=== INPUT DATA ===
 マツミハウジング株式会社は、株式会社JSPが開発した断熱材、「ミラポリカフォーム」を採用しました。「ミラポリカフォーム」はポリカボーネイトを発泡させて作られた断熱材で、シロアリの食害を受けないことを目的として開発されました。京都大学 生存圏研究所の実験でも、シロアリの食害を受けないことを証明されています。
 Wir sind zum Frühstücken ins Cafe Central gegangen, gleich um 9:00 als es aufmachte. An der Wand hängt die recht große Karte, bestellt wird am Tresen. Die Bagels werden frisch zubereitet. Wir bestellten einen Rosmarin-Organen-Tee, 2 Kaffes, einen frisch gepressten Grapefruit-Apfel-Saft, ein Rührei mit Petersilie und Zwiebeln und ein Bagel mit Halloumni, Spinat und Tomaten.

---

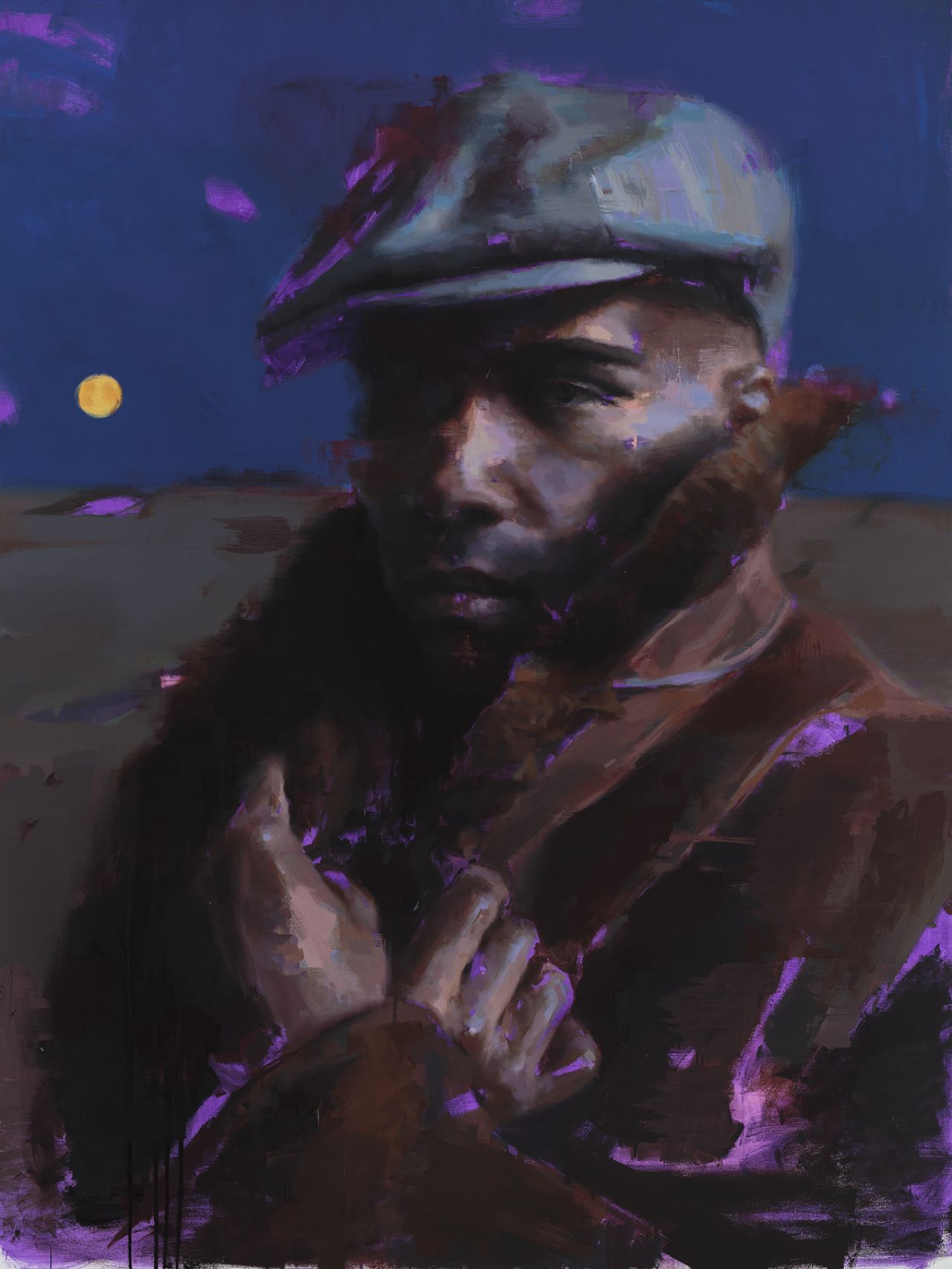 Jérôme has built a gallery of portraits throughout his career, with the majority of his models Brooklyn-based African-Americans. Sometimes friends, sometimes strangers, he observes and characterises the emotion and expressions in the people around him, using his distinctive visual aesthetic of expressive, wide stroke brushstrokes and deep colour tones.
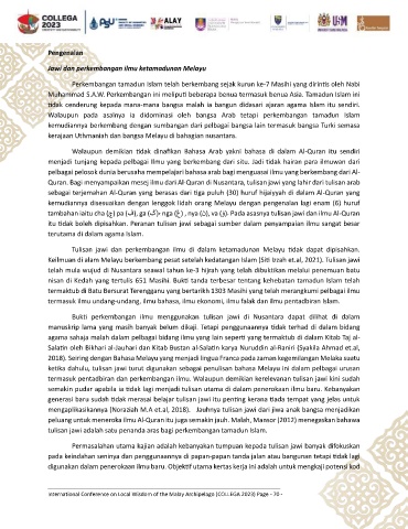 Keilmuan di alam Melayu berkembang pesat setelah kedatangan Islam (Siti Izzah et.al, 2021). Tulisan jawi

=== YOUR OBJECTIVE ===
Repeat exactly the lines of the listing above, from the one with "マツミハウジング株式会社は、" down to the one with "Wir sind zum"; both of those lines belong in the range.

=== EXERCISE OUTPUT ===
 マツミハウジング株式会社は、株式会社JSPが開発した断熱材、「ミラポリカフォーム」を採用しました。「ミラポリカフォーム」はポリカボーネイトを発泡させて作られた断熱材で、シロアリの食害を受けないことを目的として開発されました。京都大学 生存圏研究所の実験でも、シロアリの食害を受けないことを証明されています。
 Wir sind zum Frühstücken ins Cafe Central gegangen, gleich um 9:00 als es aufmachte. An der Wand hängt die recht große Karte, bestellt wird am Tresen. Die Bagels werden frisch zubereitet. Wir bestellten einen Rosmarin-Organen-Tee, 2 Kaffes, einen frisch gepressten Grapefruit-Apfel-Saft, ein Rührei mit Petersilie und Zwiebeln und ein Bagel mit Halloumni, Spinat und Tomaten.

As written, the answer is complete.